The Qingdao battle might have been beyond China’s control. Yet China’s citizens and government were not only interested in the First World War, but also took major initiatives to participate in it. To understand China’s Great War, we first have to pay attention to events that unfolded from 1895 onwards. After China was defeated by Japan in the First Sino-Japanese War (1894–95), the Chinese were deeply worried about their nation’s future, fearing that it could disintegrate. In response, they pursued and adopted desperate measures. In the early 20th century, China abolished Confucian ideology which had served as the official religious-political doctrine for over 2000 years, and destroyed the dynastical system which had ruled the country since 221 BCE. Both systems were held responsible as sources of China’s weakness. In their determination to strengthen China, the country was declared a republic in 1912. We have to keep in mind that republicanism was still a radical political system and few nations were truly republics at that time.

By adopting these dramatic measures, the Chinese hoped to turn China into an equal member in the ‘family of nations’. Since the Opium Wars of the 1840s, China had existed as a semi-colonial nation under the control of western powers and, later, Japan. The outbreak of the First World War presented China with a great opportunity to confront the existing world order which had been hostile to China for many decades and recover its long lost sovereignty, including control of Qingdao and Shandong province. China announced its neutrality but, motivated by these possibilities, made a secret attempt to declare war on Germany as soon as the war started. However, countries including Britain and Japan, who both had economic and diplomatic interests in China, blocked China’s official entry into the war. The Chinese felt even more threatened when Japan presented to their government the ‘Twenty-one Demands’, which extended direct Japanese control and in effect revealed Japan’s intention to colonise Chinese provinces.

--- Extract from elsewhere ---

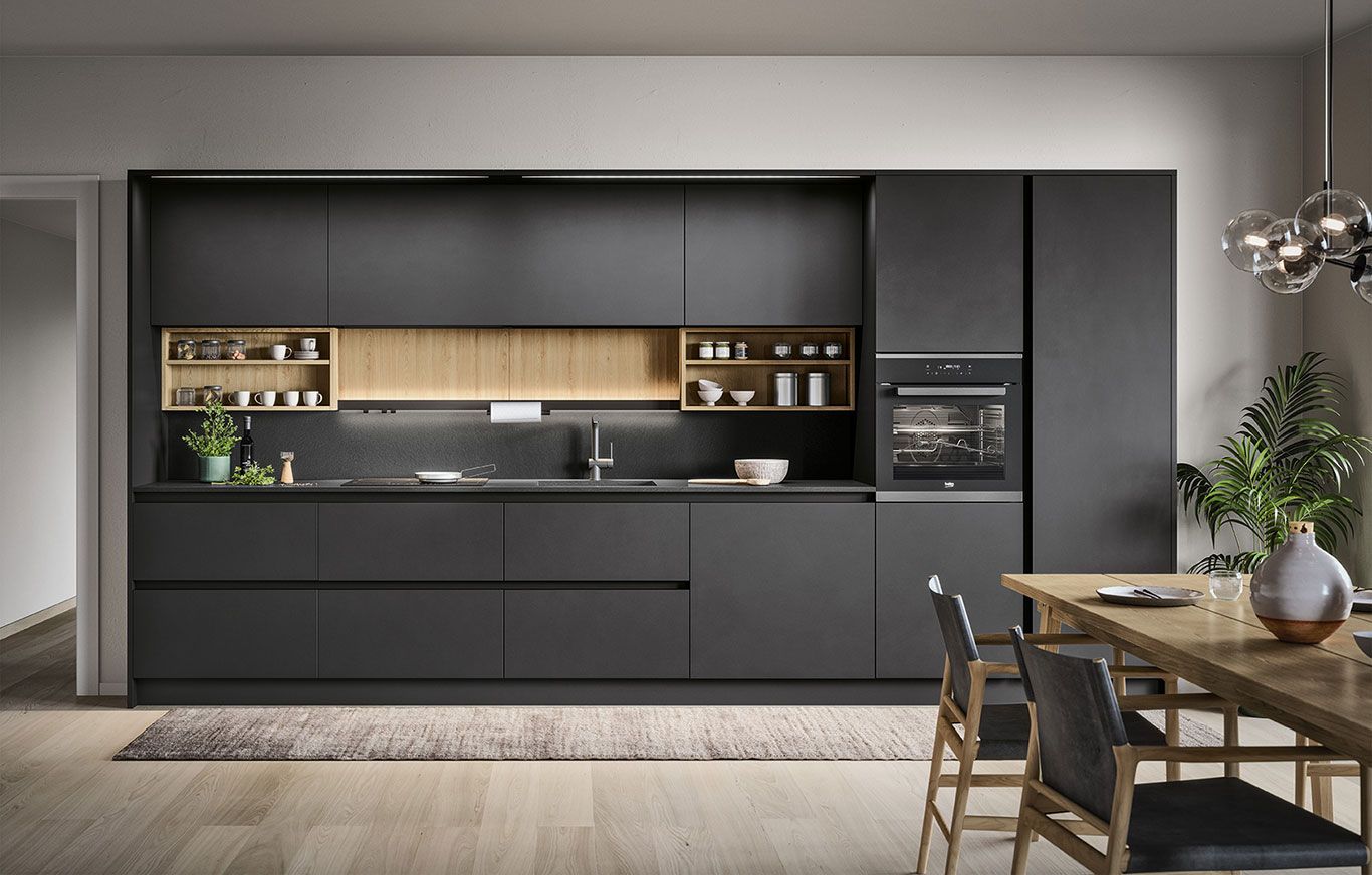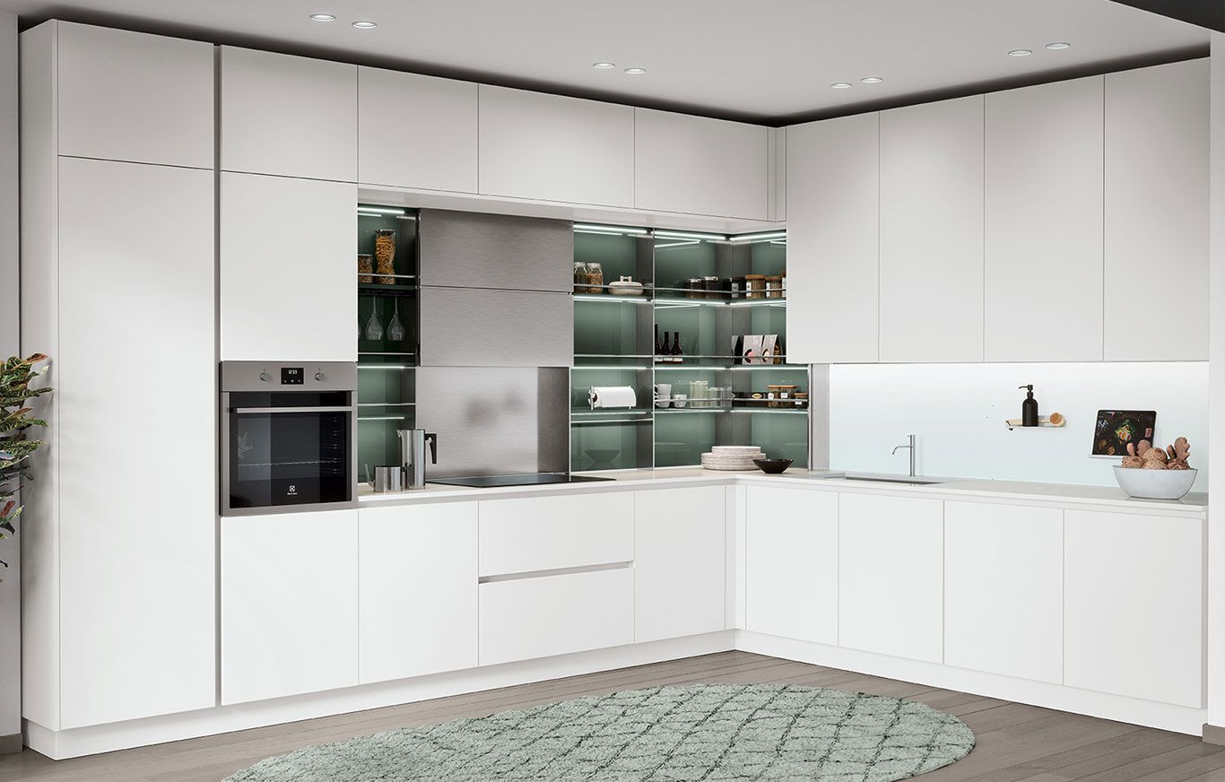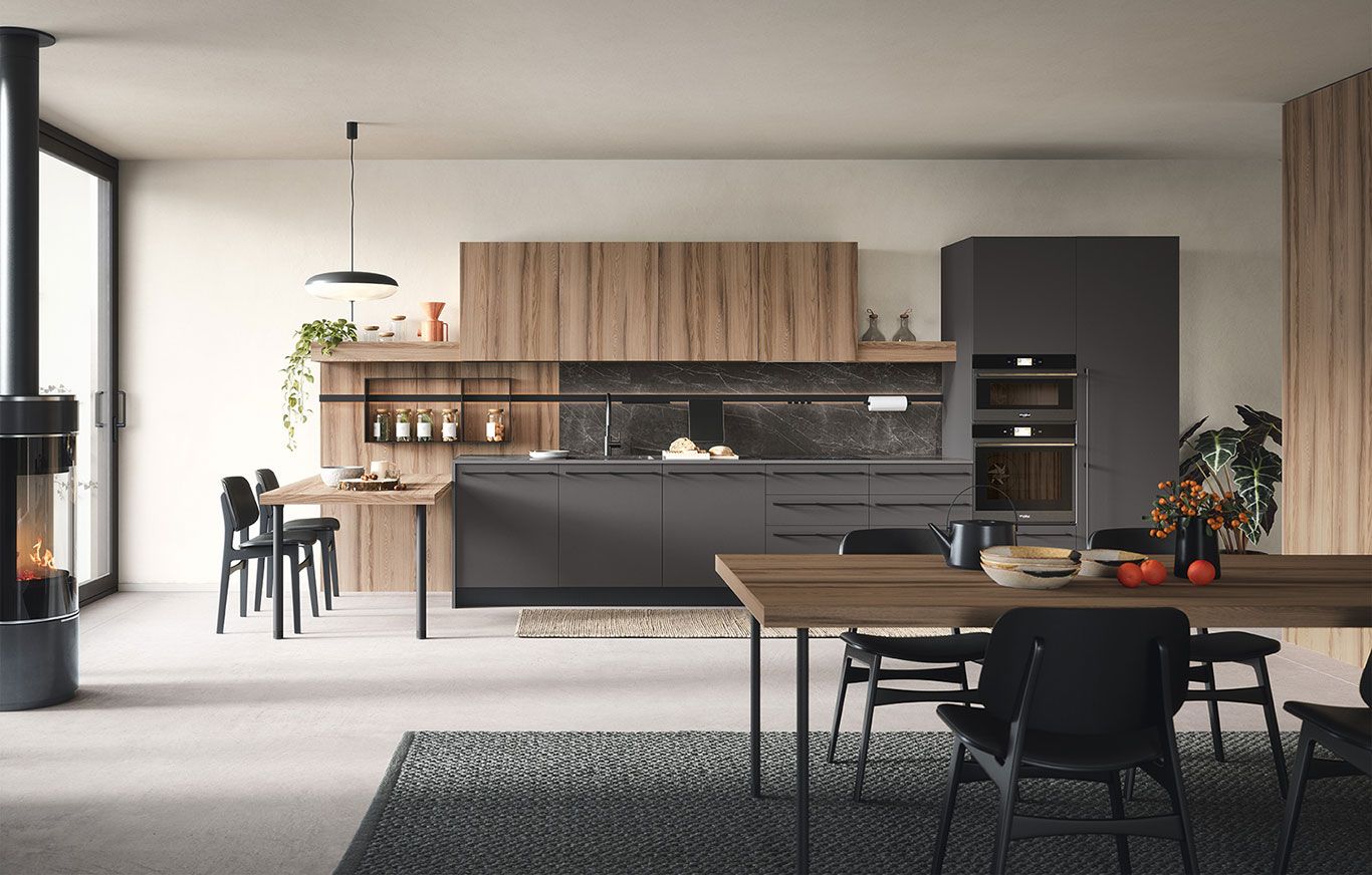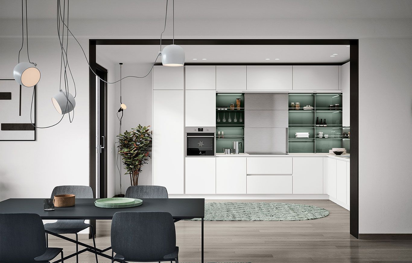 Uno spazio accogliente, moderno e funzionale: la comodità in cucina trova posto con una forma dallo stile lineare ed essenziale.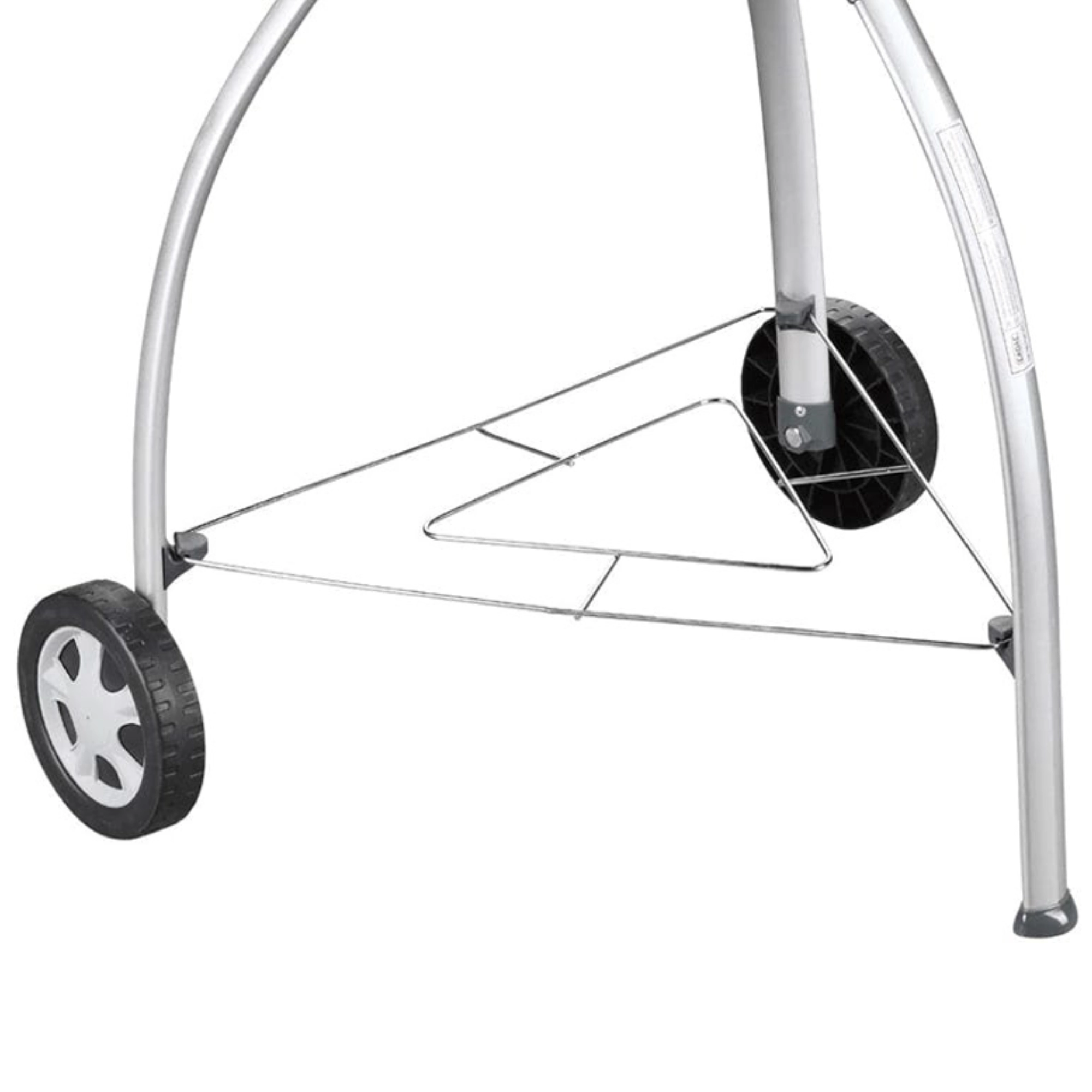 Twee wielen voor comfortabel verplaatsen in de tuin en drie stevige poten met een verstevigingsplank voor stabiel grillen.

1915 onwards: the role of Chinese labourers and the Chinese Labour Corps

Determined to create a place for China within the postwar world order, in 1915 the government adopted a creative strategy which they called ‘yigong daibing’, or to use workers as soldiers. At the same time as the Chinese reeled under Japan’s Twenty-one Demands, the war in Europe dragged on, casualties increased and the French and then British faced a ‘manpower’ crisis. China’s offer of an unlimited supply of labour was an astonishing opportunity for both countries. To support their war efforts, the French and British started to bring Chinese workers to France as early as 1916 to dig trenches, repair tanks and transport supplies, among other tasks. In total, roughly 140,000 Chinese workers arrived on the Western Front, many travelling via Canada. Those recruited by the British were collectively known as the Chinese Labour Corps (CLC). Among all the countries involved, China sent the largest number of men and its workers remained in France the longest. Many under British supervision would stay until 1920, while most men under the French stayed until 1922, working to clear live ammunition, exhume bodies from battlefields and carve gravestones for war cemeteries. Although their contribution has since been largely forgotten, these Chinese labourers were critical to the British and French war efforts and about 3000 men lost their lives. The Chinese were regarded as especially skillful at trench digging and thus played a crucial role by maintaining battlefield infrastructures in a war dominated by trench warfare.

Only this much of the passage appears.